Doctors For Life is a pro-life organisation with a goal to protect the most vulnerable and dependent individuals in our society, the unborn human being.
Life Begins at Fertilisation
The Carnegie stages of human embryonic development, the gold standard for embryology, show that life begins at fertilisation. Gametes, commonly referred to as sperm and ova, contain 23 chromosomes each. The moment the sperm and egg unite they form a single cell human-being containing 46 chromosomes. These chromosomes, made up of DNA (deoxyribonucleic acid), contain the complete codes needed to enable an unique individual to grow. Life begins as a single cell and as growth continues physical features and characteristics mature. At a single point in time a human-being can be classified into one of the following stages of life: embryo → foetus → neonate → baby → toddler → child → teenager → adult → middle age → elderly.
The most vulnerable and fragile stages of human existence are the embryo and foetus. The unborn human is completely dependent on its mother. Naturally those who are most vulnerable and dependent require the greatest protection and care from any form of harm. Any effort to stop the natural growth of a human-being after fertilisation is the ending of a unique life.
Complications of Abortion
For the purposes of this position statement “abortion” refers to the elective termination of a pregnancy by any means. In general, abortions are conducted either through chemical (medication) or surgical means. These methods are not without risks. Possible complications to the mother in the period immediately following an abortion include, infection, haemorrhage, ruptured ectopic pregnancies, uterine perforation, and death.1,2 Long term complications can include pre-term birth in subsequent pregnancies, infertility, breast cancer, and increased mortality.3-6 Mental health complications may occur at any time after an abortion and are commonly referred to as post abortion syndrome. Characteristics include feelings of guilt, remorse, depression, anxiety and suicidal ideation.7 Post abortion syndrome may occur at any time following an abortion. For some it occurs immediately while for others it may develop after years.
Abortion Pill Reversal
Chemical abortion is a two-stage process which involves taking two different types of pills. Women who have ingested mifepristone, the pill used for stage one of a chemical abortion, and who regret the decision to abort, can opt for abortion pill reversal. This involves the ingestion of high dose progesterone which reverses the effects of mifepristone. Studies have shown abortion pill reversal is successful in up to 68% of cases with no significant increase in the rate of birth defects.8
References
- Harris LH, Grossman D. Complications of Unsafe and Self-Managed Abortion. N Engl J Med. 2020;382(11):1029-1040. doi:10.1056/NEJMra1908412
- Zane S, Creanga AA, Berg CJ, et al. Abortion-Related Mortality in the United States: 1998-2010. Obstet Gynecol. 2015;126(2):258-265. doi:10.1097/AOG.0000000000000945
- Thorp JM, Hartmann KE, Shadigan E. Long-term physical and psychological health consequences of induced abortion: a review of the evidence. Linacre Q. 2005;72(1):44-69. doi:10.1080/20508549.2005.11877742
- Studnicki, J. et al. (2020) ‘Pregnancy Outcome Patterns of Medicaid-Eligible Women, 1999-2014: A National Prospective Longitudinal Study’, Health Services Research and Managerial Epidemiology. doi: 10.1177/2333392820941348.

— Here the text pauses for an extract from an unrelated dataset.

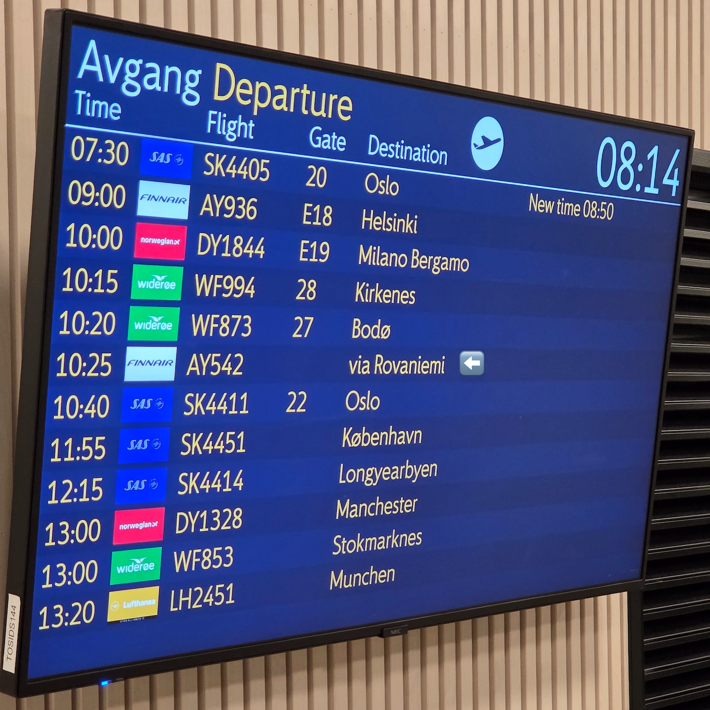 게이트가 나와있지 않는 AY542편과 트롬쇠 공항 에어사이드 분리된 공간으로 가는 길 10시 10분에 출발 예정이었던 AY542 편의 보딩은 출발 30분 전인 오전 9시 40분에 시작해서 출발 15분 전인 오전 9시 55분에 끝날 예정이었습니다만, 예정보다 10분 이른 오전 9시 30분에 시작했습니다. 핀란드는 쉥겐 조약 가입 국가이기 때문에 별도 출국심사는 필요 없었지만, 엄연히 노르웨이와는 다른 나라로 가는 국제선이기 때문인지, 별도의 분리된 공간에 존재하는 18번 게이트를 이용했습니다. 이때 공항 내 시스템에 문제가 있었는지 보딩패스를 비롯해 공항 내 디스플레이에 출발 게이트가 아예 표시되지 않는 문제가 있었습니다. 저는 제가 타고 갈 핀에어 항공기가 18번 게이트에 주기를 했기에 미리 별도의 분리된 공간으로 가 있었으나, 다른 승객들은 출발 게이트를 알 수 없어서였는지 18번 게이트 앞은 아예 텅 비었습니다. 또한 이 별도의 분리된 공간은 한번 들어오면 다시 나갈 수 없기에 그랬던 이유도 있었을 것 같습니다.

- Coleman, P., Reardon, D. and Calhoun, B., 2012. Reproductive history patterns and long-term mortality rates: a Danish, population-based record linkage study. The European Journal of Public Health, 23(4), pp.569-574.
- Brind, J., Condly, S. J., Lanfranchi, A., & Rooney, B. (2018). Induced abortion as an independent risk factor for breast cancer: a systematic review and meta-analysis of studies on south asian women. Issues in Law & Medicine, 33(1), 32–54.

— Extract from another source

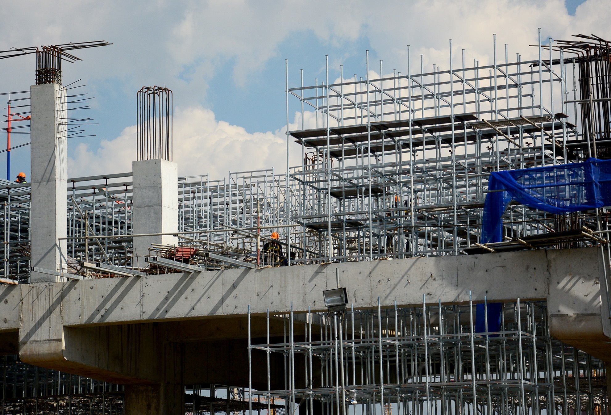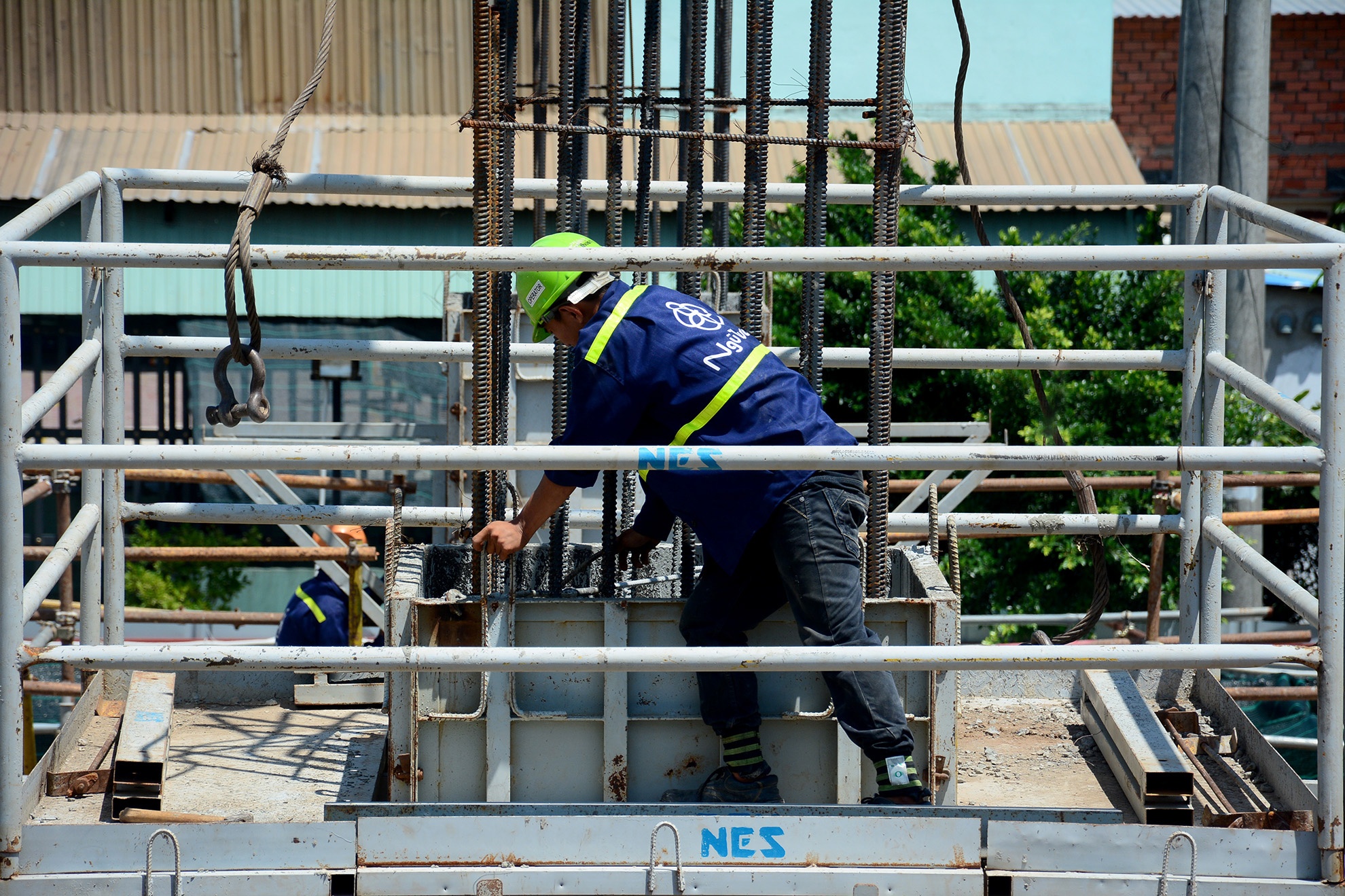 | Tại khu vực Suối Tiên, công nhân đang đổ các trụ đầu tiên của tầng trệt nhà ga. Toàn tuyến có 14 ga, trong đó có 11 ga trên cao và 3 ga ngầm. |

- Reardon, D. (2018). The abortion and mental health controversy: A comprehensive literature review of common ground agreements, disagreements, actionable recommendations, and research opportunities. SAGE Open Medicine, 6, PMCID: PMC6207970.
- Delgado G, Condly SJ, Davenport M, et al. A case series detailing the successful reversal of the effects of mifepristone using progesterone. Issues Law Med. 2018;33(1):21-31.